The proposal singles out small issuers.
More emphasis should be placed on regulating the activity
of broker-dealers who engage in fraudulent activity, rather than
stigmatizing issuers.
First, with respect to comments opposing the proposed rule change
on the basis that the bid price is not within the direct control of the
issuer, Nasdaq notes that elimination of the alternative to the minimum
bid price requirement is intended to address the following: (1) The
concern that securities trading below $1 are more susceptible to
certain activity by stock promoters; (2) the elimination of the
incentive for large, below market issuances which may harm Nasdaq
investors; (3) the curtailing of its use as a permanent solution to bid
price deficiencies; and (4) the enhancement of the credibility of the
market. Some issuers argued that a stock's bid price is not within
their direct control, and thus the $1 minimum bid price may unfairly
penalize these issuers. Market anomalies such as year-end tax selling
or short-term price swings could trigger a bid price deficiency
resulting in the initiation of de-listing proceedings for what may
otherwise be a viable company with long-term prospects. In a related
vein of comments, many investors argued that, as current investors in
low-priced stocks, they would be harmed if these companies were to lose
their Nasdaq listing.
Nasdaq continues to believe that the minimum bid price would be an
important component to the listing standards, and would benefit, in the
long run, all market participants, including both present and future
investors. However, in response to concerns that bid price is not
within the direct control of the issuer, Nasdaq is proposing to expand
from 10 to 30 consecutive business days the time period that an
issuer's stock price, and its related market value of public float,
must remain below the applicable standard before it is deemed a
deficiency. Once an issuer's stock falls below $1 for 30 consecutive
business days, it will continue to have 90 days to come back into
compliance with the maintenance standards. Compliance can be achieved
with respect to the bid price or market value deficiency by meeting the
applicable maintenance standard for any consecutive 10 business days
during the 90 day compliance period.
Secondly, with respect to comments opposing the proposed rule
change on the basis that it singles out small issuers, Nasdaq
recognizes that some companies may be unable to satisfy the revised
listing standards. As discussed in the section on implementation above,
companies that are at risk of not complying with the new maintenance
standards would have a period of time to come into compliance.

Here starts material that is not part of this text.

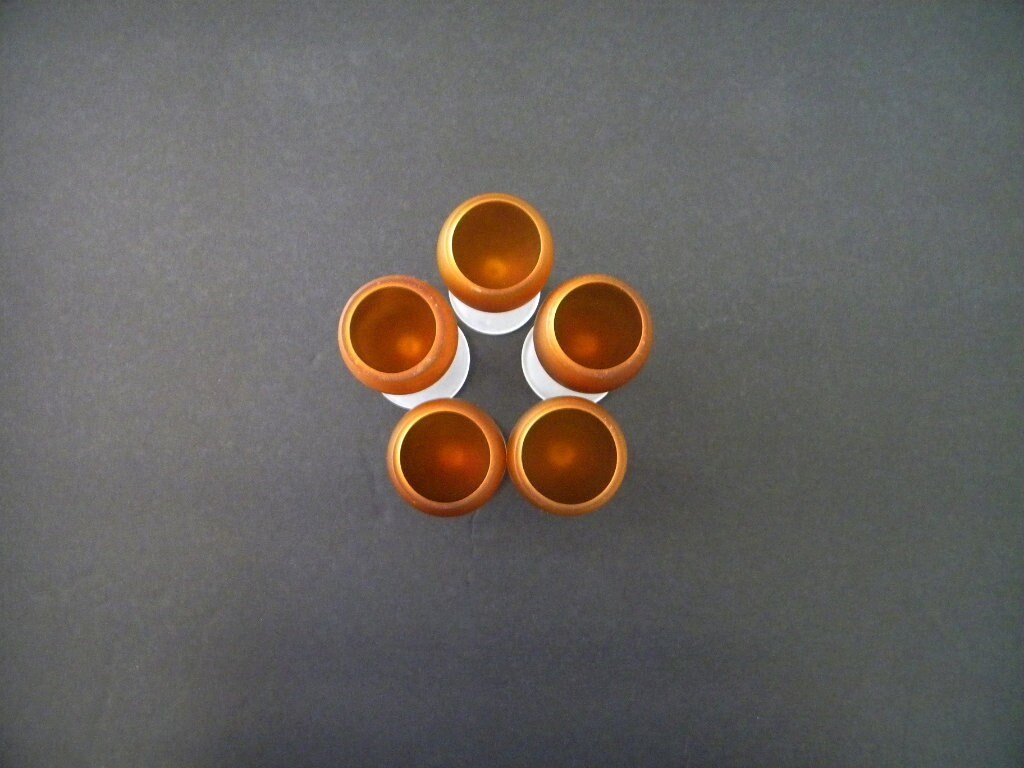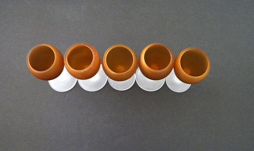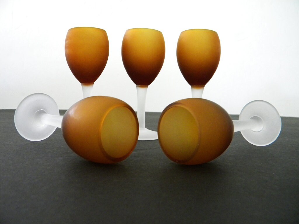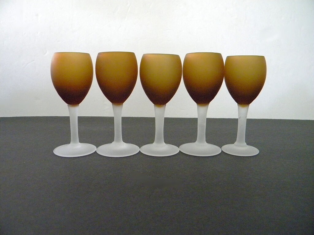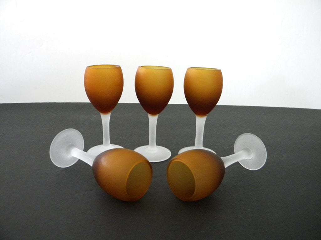 Elegant vintage frosted cordial glasses from 1970s. Warm wood color of mustard brown with white stem, set of 5. 1 oz each, 3 5/8" high, 1 3/8" top diameter, 1 3/8" base diameter. Very good condition, no chipping, no cracks, minor wear.

Companies that are ultimately delisted would be eligible for quotation
in the OTCBB, which currently provides real-time quote and real-time
last sale price information for issuer's securities.16 Moreover,
Nasdaq is currently in the process of requesting an exemption from the
Securities and Exchange Commission under SEC Rule 15c2-11, similar to
an exemption obtained in 1992 after standards were last increased. This
would, under most circumstances, permit member firms to continue
providing liquidity by quoting issuers in the OTCBB without
interruption immediately following a de-listing from Nasdaq.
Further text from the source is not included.